April 11, 2024 | Science | Source |
Introduction: Recent evidence challenges the traditional view of soil inorganic carbon (SIC) as stable, revealing rapid dynamics impacting soil health and carbon cycling. For example, SIC influences acidity buffering, nutrient availability, and vice versa. Chinese Academy of Science forms a global research consortium in assessing the quantity, distribution, and vulnerability of the global soil inorganic carbon stock.
Key findings: By analyzing a vast array of field data, the researchers conclude that soils worldwide hold a substantial amount of carbon in the form of SIC, totaling over 2,300 billion tonnes. They highlight the vulnerability of SIC to soil acidification caused by nitrogen inputs, with potential losses posing a risk to carbon sequestration efforts. The study emphasizes the interconnectedness of SIC with atmospheric and hydrospheric carbon dynamics, stressing its overlooked role in shaping climate outcomes. The study underscores the need for a nuanced understanding of SIC dynamics to inform effective carbon management strategies. By considering factors such as soil pH, nitrogen deposition, and land use practices, researchers can better predict and mitigate the impacts of SIC alterations on global carbon budgets.
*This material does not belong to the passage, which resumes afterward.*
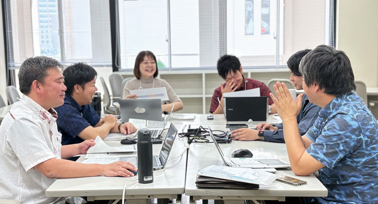 プログラムを受講したのは管理職メンバーである5名。研修はマネジメントの基礎からスタートし、部下のレイヤーに応じた目標設定や課題への向き合い方、フォローアップの方法などを学びました実際に研修を受けた南営業所・次長の神谷景一さんは、研修初期に「部下の人事評価の点数を上げる」ことを目標に掲げ、奮闘。「2週間に一度というペースは正直かなり大変ではありましたが、リムさんがいつもとにかく明るく、かつ根気強く向き合ってくれるので、僕たちもスイッチが入りました」と話します。研修は座学だけでなく振り返りや課題の提出など、日々の業務と紐づけながら進行。コーチングや面談の進め方など実践的なスキルも磨き、実際の運用ともすり合わせながら進めていきました。

Figure | SIC-relevant global budgets. (A) Changes in SIC (top 0.3 m) in response to soil pH by countries. Cyan bars (in units of GtC) indicate the gain of SIC in response to a higher pH (by two levels: 0.1 and 0.5), whereas red bars show the loss in response to acidification. We show the top 10 countries rankedby SIC losses (pH reduction by 0.1) from high to low. (B) Global SIC stock (top 0.3 m, in units of GtC) in response to soil pH. (C) Flowchart of the present day global carbon budget (in units of GtC yr−1) accounting for inorganic carbon exchanges through soil. Fluxes that have been altered owing to the inclusion of inorganic carbon through soils are in brown, whereas fluxes in blue arrows are adapted from references. In brackets are the contributions of SIC to total fluxes (in the case of more than one contributing sources). We used Terrestrial Ecosystem to refer to land that excludes inland waters. DOC, dissolved organic carbon export from leaching and runoff; R-DIC, lateral inorganic carbon export from bedrock weathering; PIC, physical erosion of total recalcitrant particulate inorganic carbon; petrogenic OC, organic carbon export from fossil and old soil; erosion, lateral organic carbon export from water, wind, and tillage erosions. Pathway 1 represents the inorganic carbon flux from rock to soil, and its contribution to inland-water is accounted through R-DIC; pathway 2 represents SIC fluxes sourced from terrestrial biological system (e.g., respiration); pathway 3 is external inorganic carbon inputs into soils (e.g., lime); and pathways 4 and 5 are carbon exchanges between SIC and the atmosphere.